Pam Warren, whose face was severely burnt in the Paddington rail disaster, said she was "totally devastated" yesterday at news that there could be more delays in settling insurance claims.
St Paul International Insurance, which has been acting for the rail companies for the four years since the crash, has reached its indemnity limit, believed to be £30m.
It is passing its responsibilities on to another firm. The new company, AIG, has appointed solicitors to handle the claims "from scratch", which means further delay, the victims' support group says. Those injured in the crash, in which 30 people died, say AIG is refusing offers to take claims to mediation and seeking adjournments of hearings scheduled for December, which were intended to settle the level of damages. Solicitors for AIG said they needed more time to prepare to fight the claims, according to survivors.

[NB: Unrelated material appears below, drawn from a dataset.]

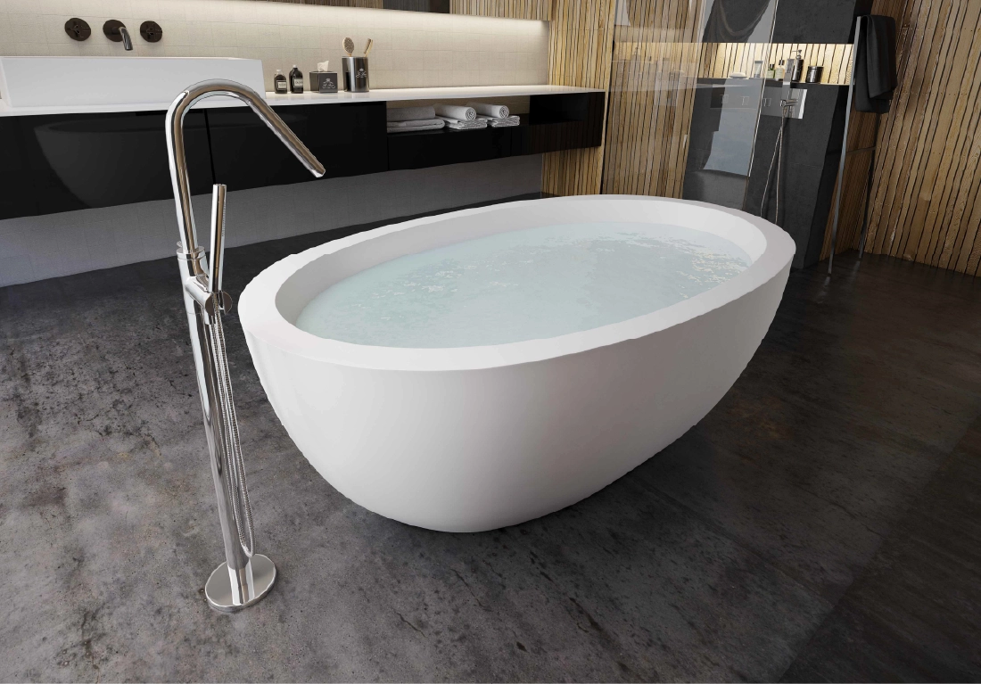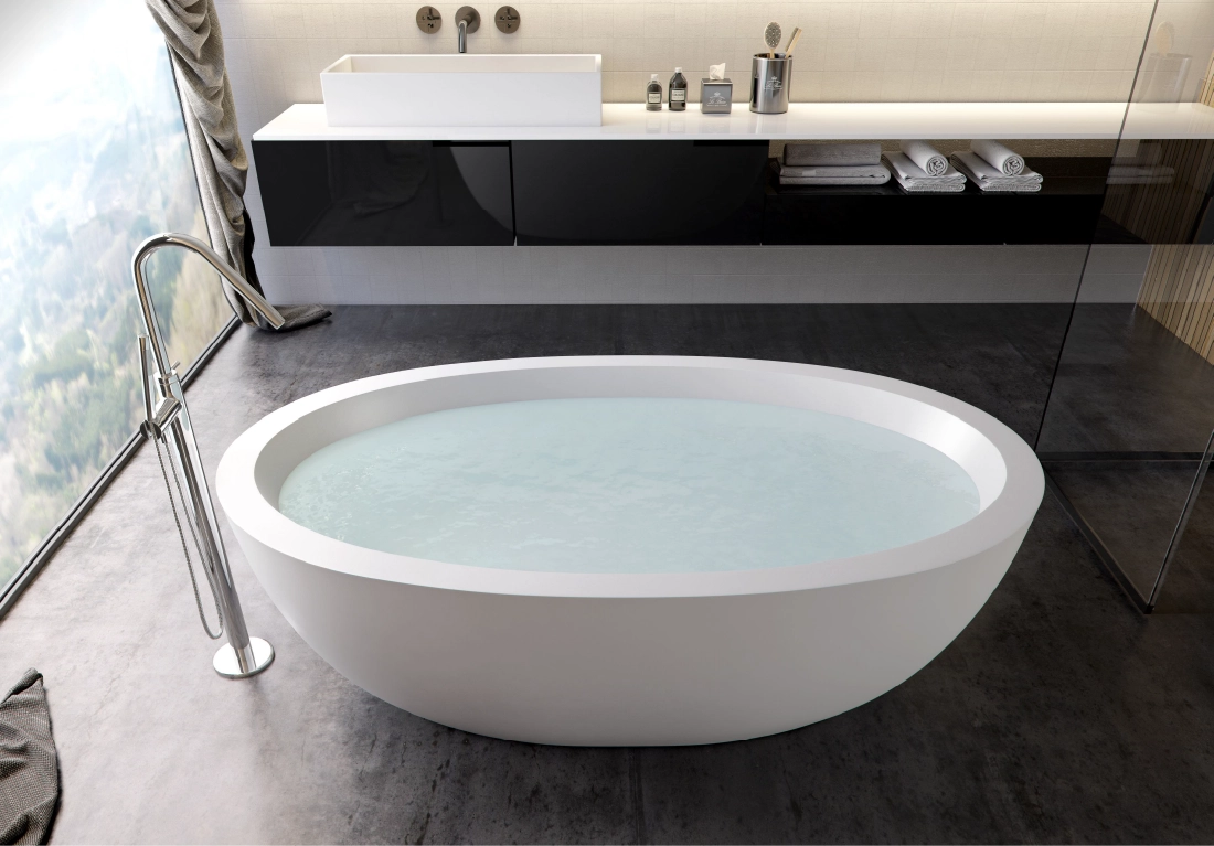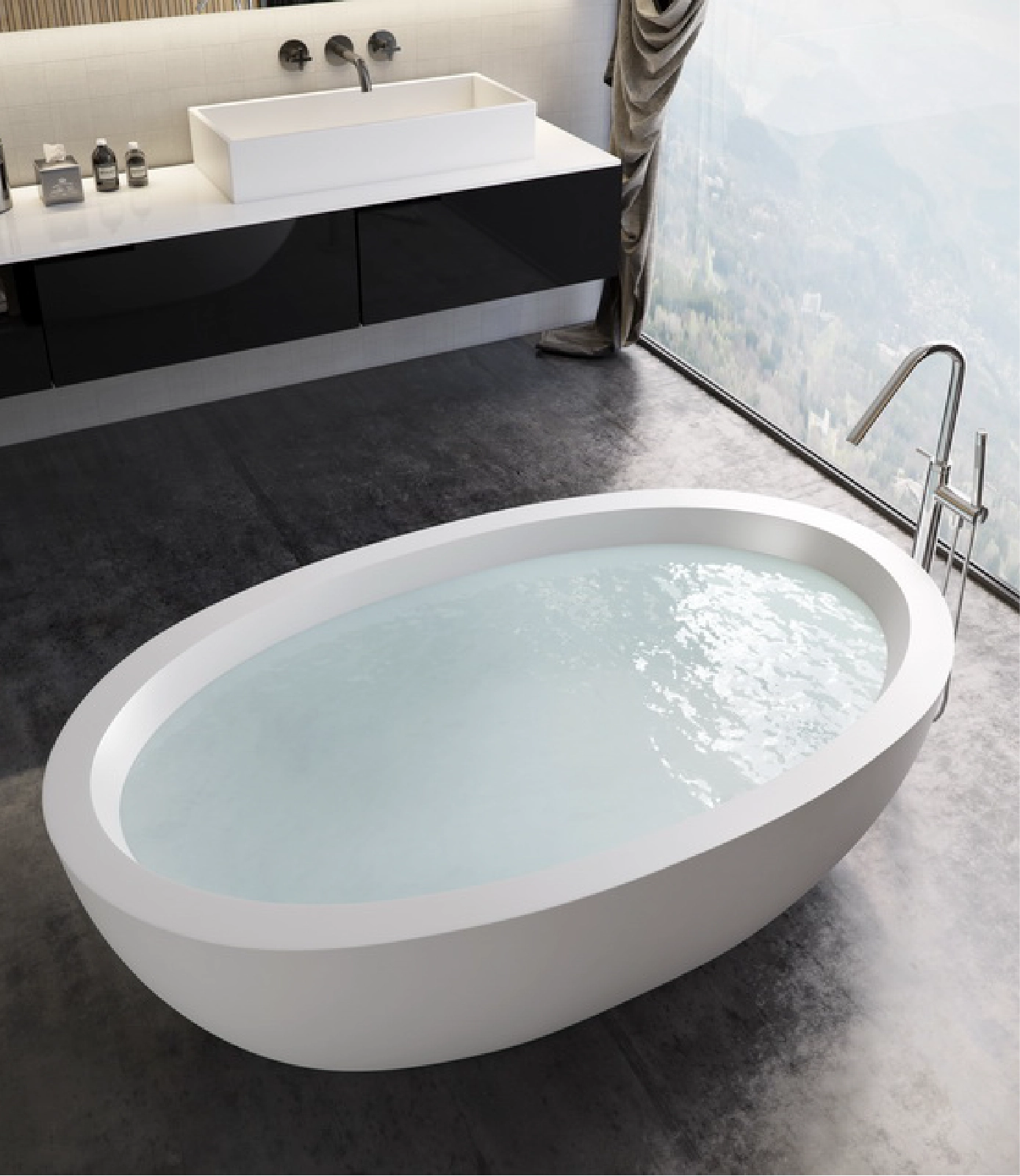 The core material is consisted of marble, resin and polymer with the use of high technology invention from Germany in the manufacturing process. These materials are produced under vacuum thereby eliminating all trapped air making them non porous and thus absorbing much less water than their natural counterpart. The result is a unique and versatile materialperfect for making luxurious bathtubs.

Ms Warren, who was forced to wear a surgical mask to protect her face after the disaster, has not yet received full compensation. She said: "From the time of the train crash we were assured time and time again that our claims would be dealt with 'sympathetically and quickly'. I feel that the railway industry is reneging on promises made to victims following the accident. My life has been destroyed by their incompetence and this trauma is being made worse by their tactics of delay."
Victor Rae-Reeves, the solicitor for "excess insurers" including AIG, said there should be no reason for any delays and that the company had not refused arbitration. He said most of the claims had now been settled, but in a small number of cases up-to-date medical evidence had been sought. A spokesman for AIG said the company was unable to comment.